WORK TO BE COMPLETED: Would you repeat the entries below exactly and omit the pictures?

------ SOURCE MATERIAL ------

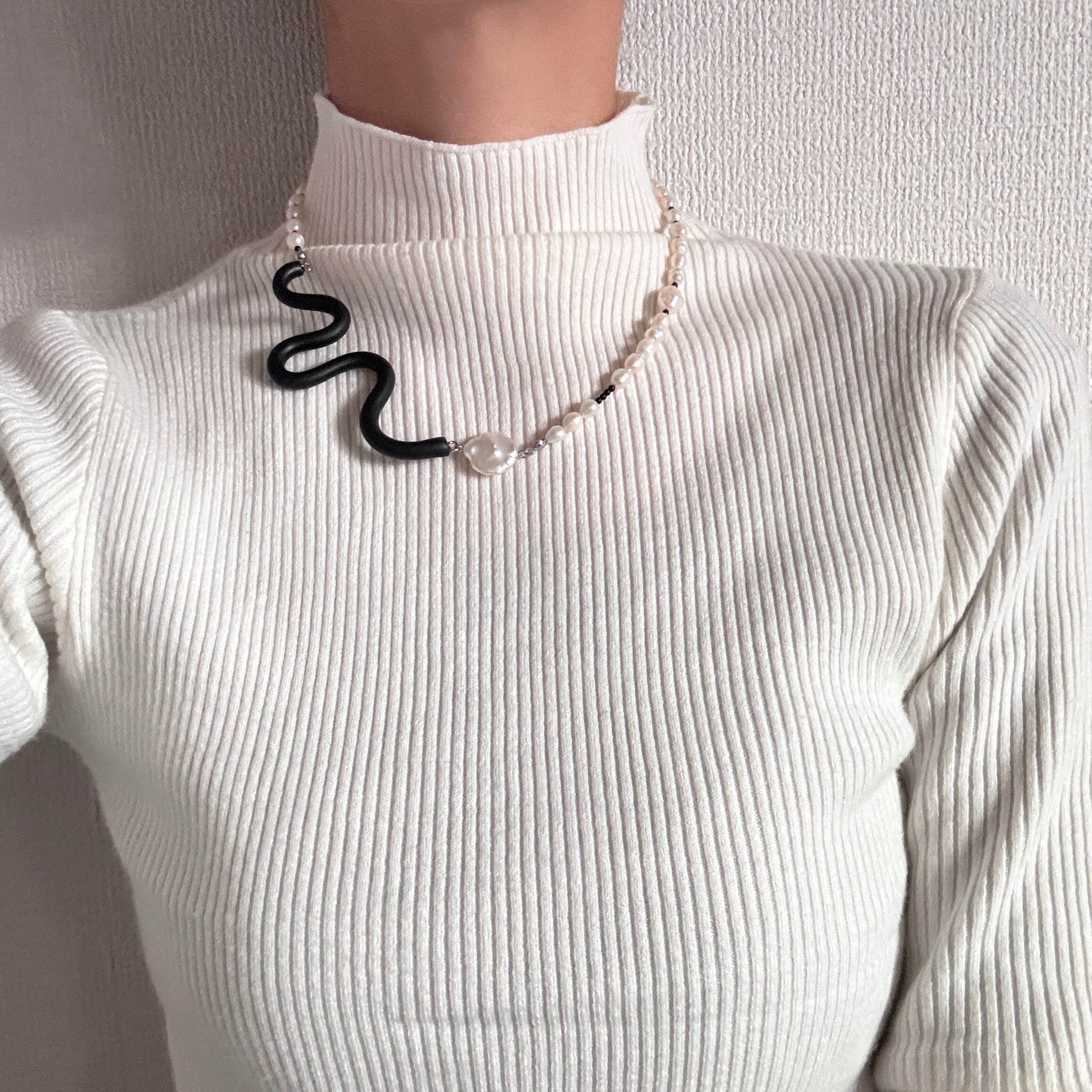 [BLACK] ポリマークレイ 淡水パールネックレス[GSN090-BK]
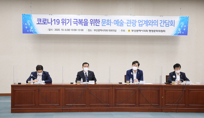 [부산=세계타임즈 장경환 기자] 부산시의회 행정문화위원회는 10월 6일 오전 10시 부산시의회 대회의실에서‘코로나19 극복을 위한 문화·예술·관광 업계와의 간담회’를 개최하였다.
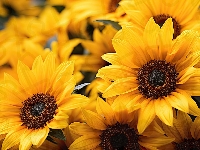 Zbliżenie, Słoneczniki, Kwitnące
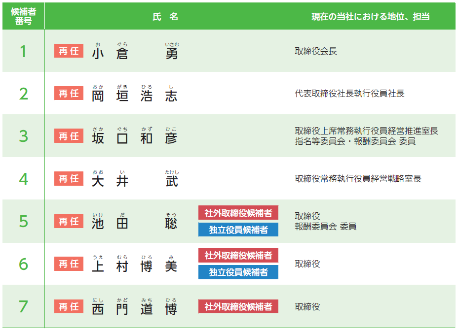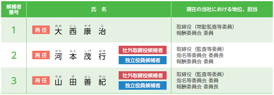 2. 河本茂行、山田善紀の両氏は、社外取締役候補者であります。
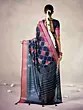 Malai Crepe Silk Saree Designer Printed Pink Lotus Flower Multicolor Rainbow Striped Patterns Vibrant For Women
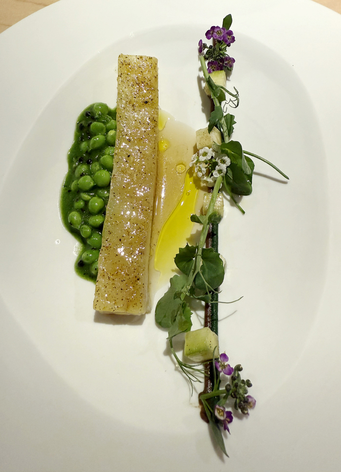 Spanish turbot arrives in a series of dishes. First, a slender, crispy-skin fillet finished with fish consomme, and served with a blood sausage puree, pistou, and peas interspersed with tiny balls of spherified squid ink to heighten the taste of the sea.
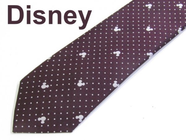 - 【ディズニー ミッキー】C 799 ディズニー ネクタイ Disney BRICK HOUSE 茶系 ドット柄ジャガード ミッキー小紋柄 ナロータイ
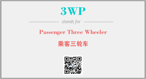 英文缩略词“3WP”经常作为“Passenger Three Wheeler”的英文缩写来使用,中文表示:“乘客三轮车”。本文将详细介绍英文缩写词3WP所代表英文单词,其对应的中文拼音、详细解释以及在英语中的流行度。此外,还有关于缩略词3WP的分类、应用领域及相关应用示例等。
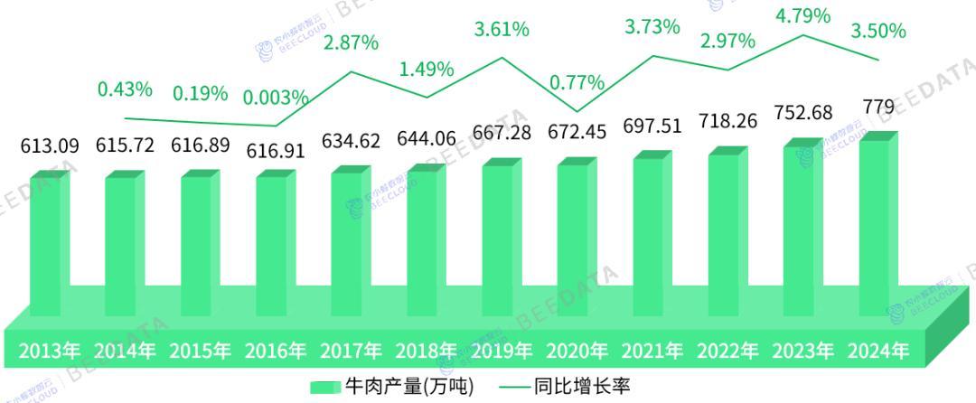 数据显示,2024年,中国牛肉产量779万吨,同比增长3.5%,牛肉消费量1070万吨,同比增长4.29%。国内市场高品质牛肉供不应求,供给端呈现韧性增长态势。
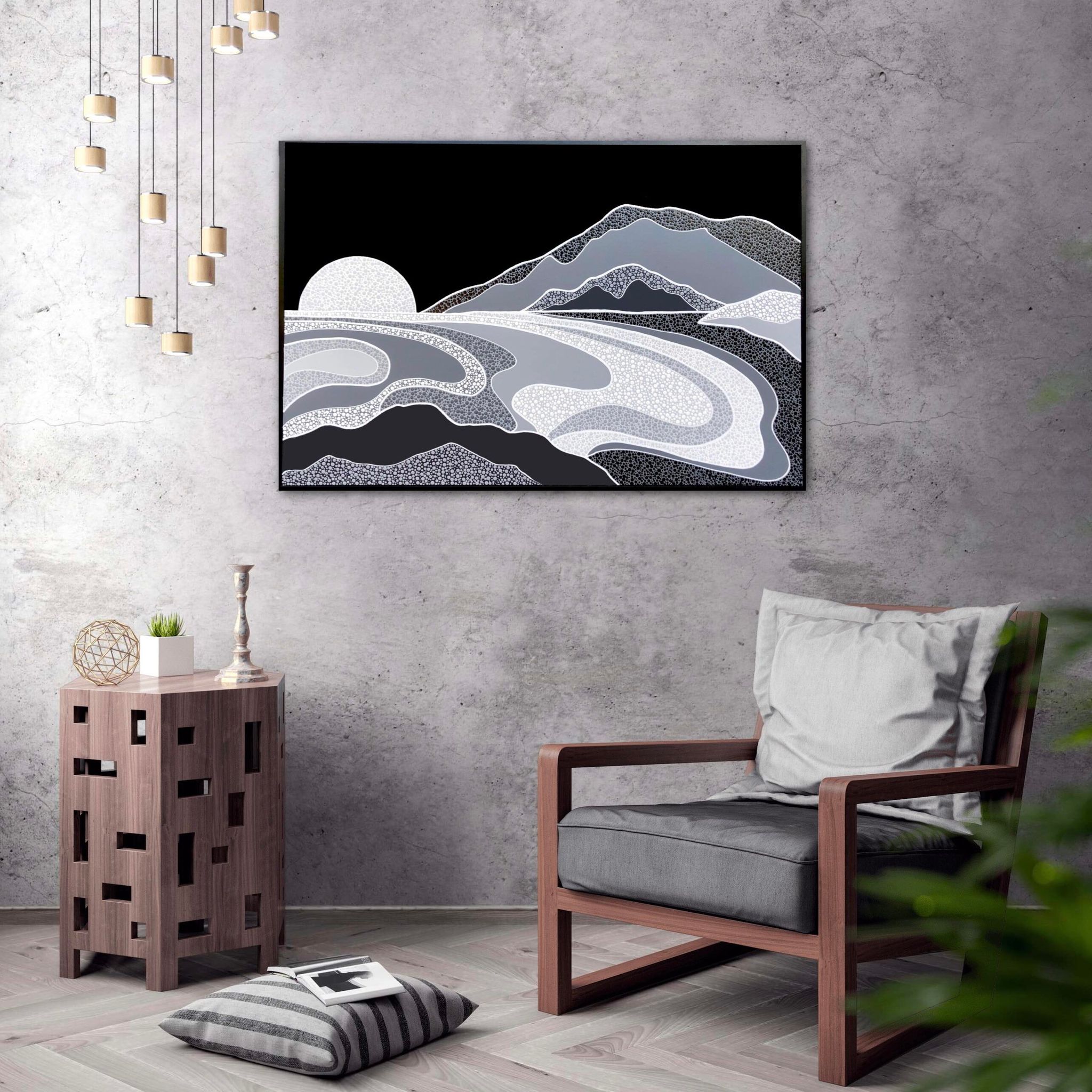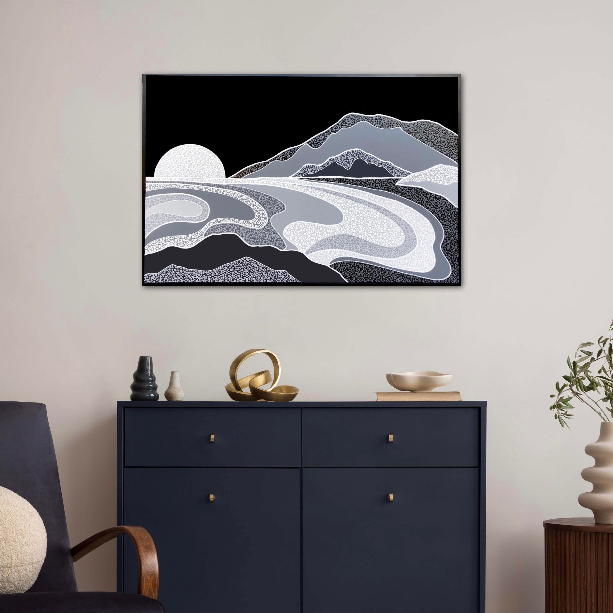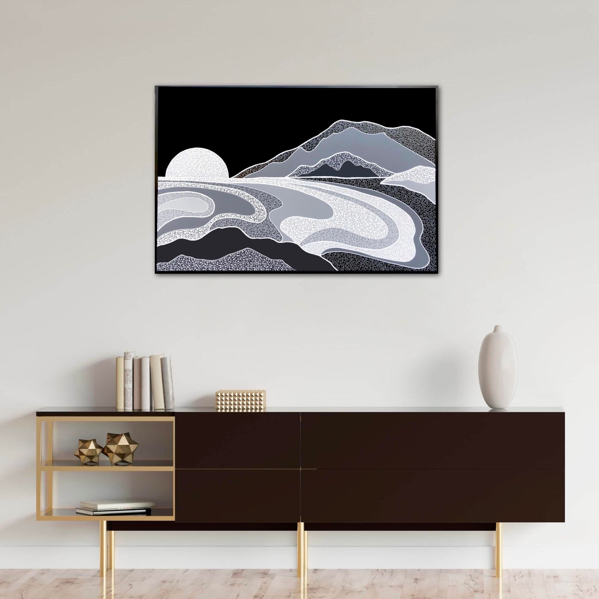 Acrylic Paint on Recycled/2nd Hand Black Gallery Float Framed Stretched Vinyl Canvas

------

EXERCISE RESPONSE:
 [BLACK] ポリマークレイ 淡水パールネックレス[GSN090-BK]
 [부산=세계타임즈 장경환 기자] 부산시의회 행정문화위원회는 10월 6일 오전 10시 부산시의회 대회의실에서‘코로나19 극복을 위한 문화·예술·관광 업계와의 간담회’를 개최하였다.
 Zbliżenie, Słoneczniki, Kwitnące
 2. 河本茂行、山田善紀の両氏は、社外取締役候補者であります。
 Malai Crepe Silk Saree Designer Printed Pink Lotus Flower Multicolor Rainbow Striped Patterns Vibrant For Women
 Spanish turbot arrives in a series of dishes. First, a slender, crispy-skin fillet finished with fish consomme, and served with a blood sausage puree, pistou, and peas interspersed with tiny balls of spherified squid ink to heighten the taste of the sea.
 - 【ディズニー ミッキー】C 799 ディズニー ネクタイ Disney BRICK HOUSE 茶系 ドット柄ジャガード ミッキー小紋柄 ナロータイ
 英文缩略词“3WP”经常作为“Passenger Three Wheeler”的英文缩写来使用,中文表示:“乘客三轮车”。本文将详细介绍英文缩写词3WP所代表英文单词,其对应的中文拼音、详细解释以及在英语中的流行度。此外,还有关于缩略词3WP的分类、应用领域及相关应用示例等。
 数据显示,2024年,中国牛肉产量779万吨,同比增长3.5%,牛肉消费量1070万吨,同比增长4.29%。国内市场高品质牛肉供不应求,供给端呈现韧性增长态势。
 Acrylic Paint on Recycled/2nd Hand Black Gallery Float Framed Stretched Vinyl Canvas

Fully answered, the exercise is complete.